Baktınız ki Hunlar bastıra bastıra geliyor, pılınızı pırtınızı toplayıp kaçabiliyorsunuz. Kendi şehrinizi Hunlara yar etmemek için yıkabilir ve geride harabe bir şehir bırakabilirsiniz. Yıkılmış şehirleri tekrar yaşanabilir hale getirmek o kadar da kolay değil. Yüklü miktarda para ve insan gücü gerektiriyor.


Kuşatmalarda ise sonunda bir değişikliğe gidilmiş ve kuşatmanın süresine bağlı olarak, şehirlerin savunmalarının zarar görmesi sağlanmış. Merdiven ve koç başı gibi kuşatma silahlarını yaptıktan sonra kuşatmaya devam etmenin tek getirisi, belirli bir süre sonra şehrin açlıktan isyana kalkışacak olmasıydı. Fakat zaten hem yapay zeka hem de oyuncular, bu raddeye gelmeden önce dışarı çıkarak kuşatan tarafa saldırıyordu. Attila'da ise kaç tur kuşatma yaptığınıza bağlı olarak, savaş ekranında surların zarar gördüğünü; hatta bazılarının yıkıldığını bile görebilirsiniz.
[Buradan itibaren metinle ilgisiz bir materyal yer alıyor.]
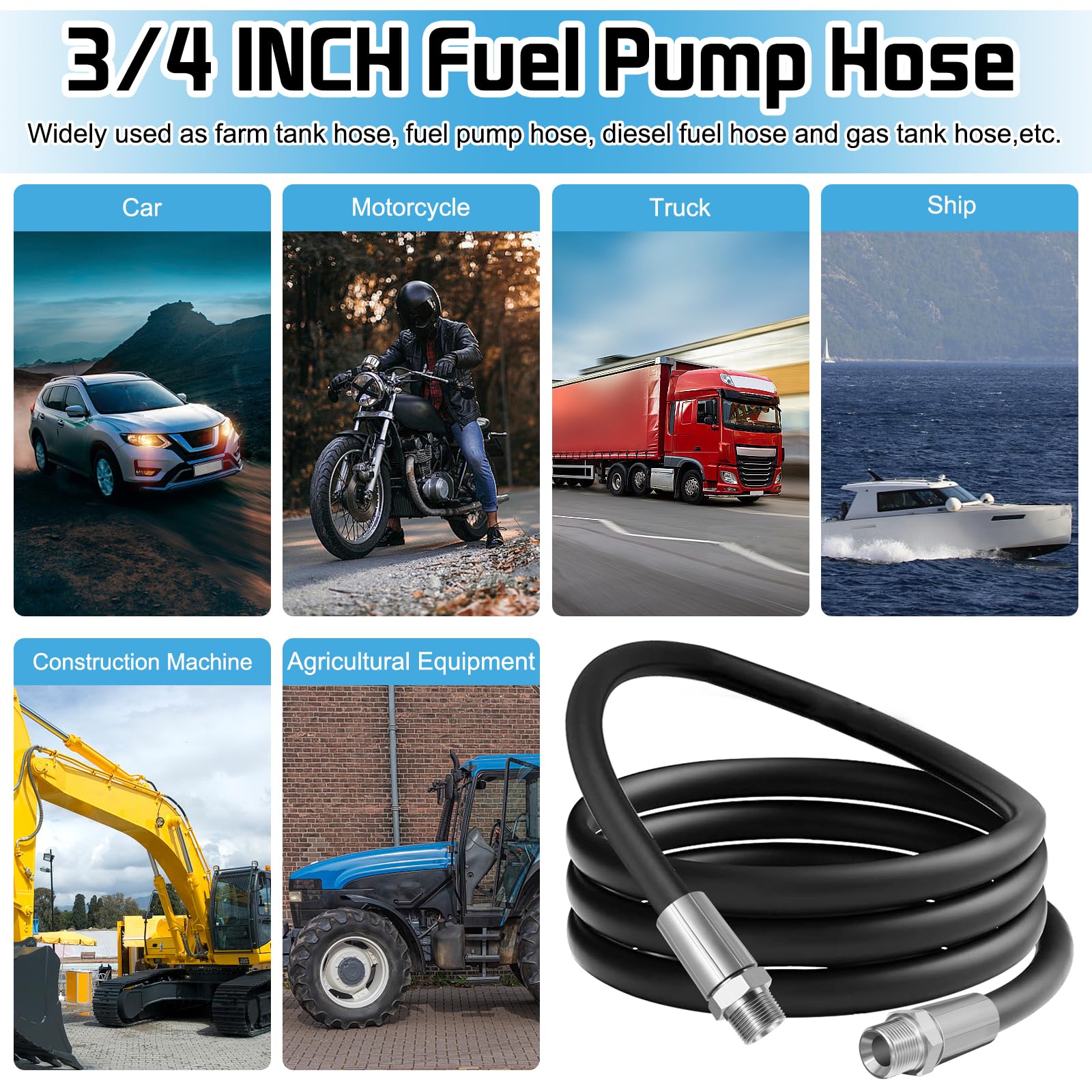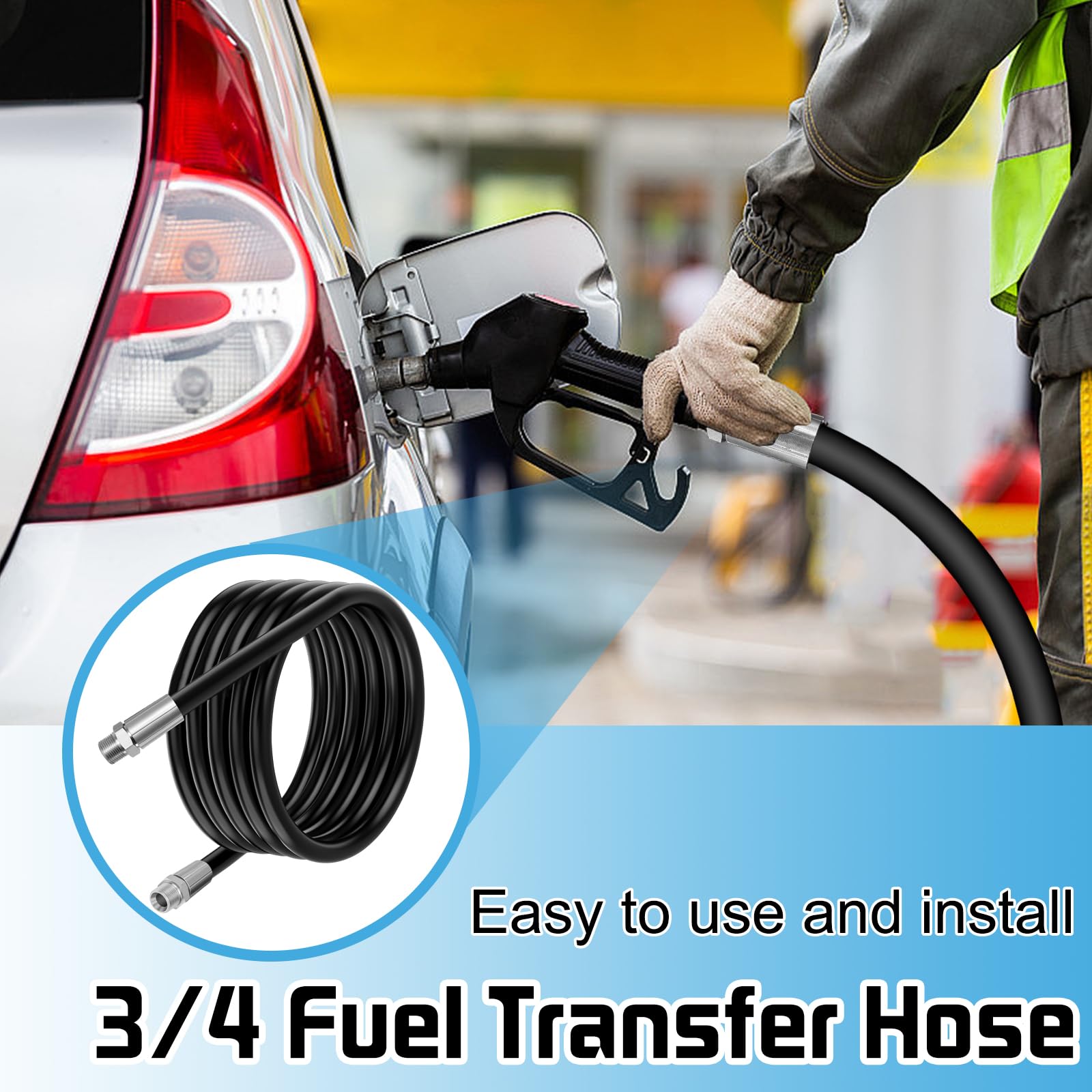 【Compatibility and Safety】The 3/4" NPT threading ensures compatibility with a wide range of fuel transfer equipment, such as pumps, nozzles, and tanks. This hose is designed to provide a secure and leak-free connection, ensuring safe and efficient fuel transfer without the risk of spills or leaks.

Dolayısı ile kuşatma yaparken biraz beklemenin önem kazanması ile birlikte, "nasıl olsa saldıracaklar, ben bekleyip savunma yapayım" düşüncesi de maalesef artık bir işe yaramıyor.




Total War Attila'da, Hunlar ile oynarken bir değişiklik fark edeceksiniz. Şehirleri ele geçiremiyorsunuz! Evet doğru duydunuz, bir Total War oyununda kuşatmadan sonra o şehri ele geçiremiyor, sadece yağmalayabiliyorsunuz. Aslında göçebe bir ulusu seçtiğinizde yerleşik hayata geçememeniz çok da mantıksız değilken, bu yeni mekaniğe alışmak biraz zaman alabiliyor. Hatta ilk başlarda acaba bir şeyleri yanlış mı yapıyorum diye düşünmedim desem yalan olur.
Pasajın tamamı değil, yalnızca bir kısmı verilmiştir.